> _Exercise brief_
Transcribe, exactly and without pictures, the lines below from the line with "Caracteristica dominantă a" to the line with "魔域私服军团奖励修改,魔域私", both ends included, and no others.

> _Data to examine_
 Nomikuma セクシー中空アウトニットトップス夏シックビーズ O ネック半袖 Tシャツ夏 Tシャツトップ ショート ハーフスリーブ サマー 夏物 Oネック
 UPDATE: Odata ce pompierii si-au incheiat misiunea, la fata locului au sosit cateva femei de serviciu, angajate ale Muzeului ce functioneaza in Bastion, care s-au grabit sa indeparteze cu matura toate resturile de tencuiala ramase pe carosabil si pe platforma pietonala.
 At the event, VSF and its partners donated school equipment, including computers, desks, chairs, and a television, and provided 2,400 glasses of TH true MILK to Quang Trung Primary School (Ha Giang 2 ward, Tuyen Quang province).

* * *

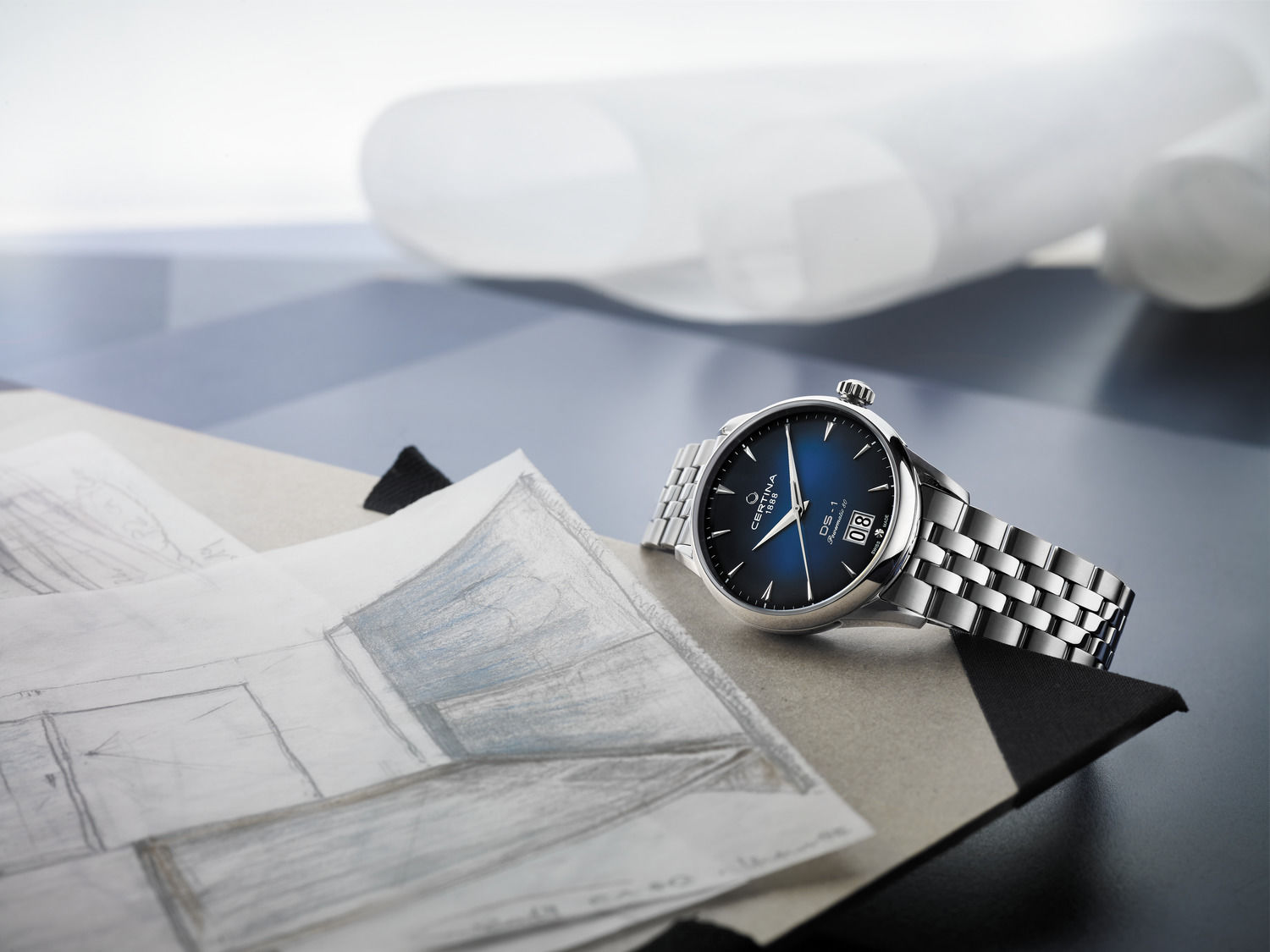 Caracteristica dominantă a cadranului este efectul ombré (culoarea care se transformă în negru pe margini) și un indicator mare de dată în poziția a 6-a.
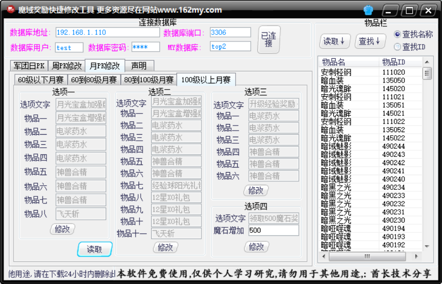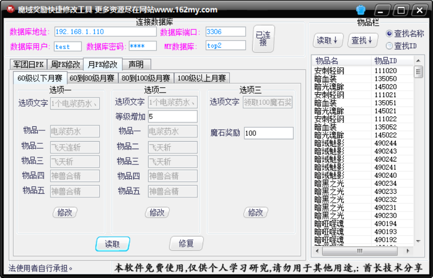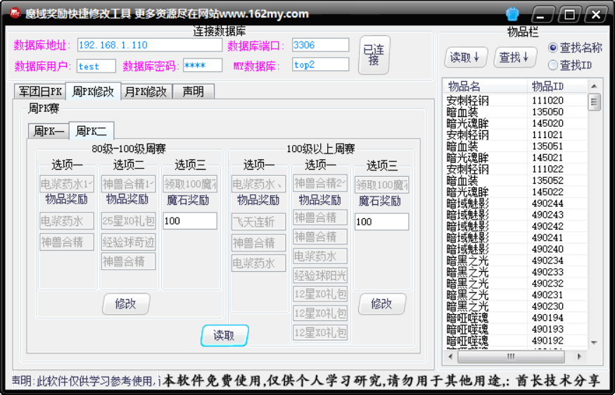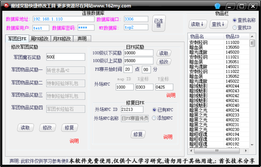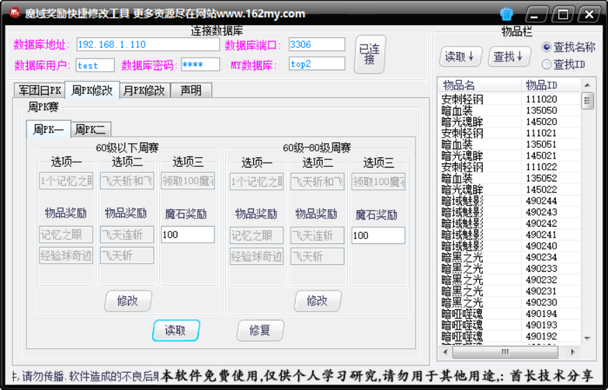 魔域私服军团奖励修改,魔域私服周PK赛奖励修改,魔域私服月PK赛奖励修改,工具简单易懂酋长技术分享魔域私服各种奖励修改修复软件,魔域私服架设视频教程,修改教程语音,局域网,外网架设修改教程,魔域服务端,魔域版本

> _Task solution_
 Caracteristica dominantă a cadranului este efectul ombré (culoarea care se transformă în negru pe margini) și un indicator mare de dată în poziția a 6-a.
 魔域私服军团奖励修改,魔域私服周PK赛奖励修改,魔域私服月PK赛奖励修改,工具简单易懂酋长技术分享魔域私服各种奖励修改修复软件,魔域私服架设视频教程,修改教程语音,局域网,外网架设修改教程,魔域服务端,魔域版本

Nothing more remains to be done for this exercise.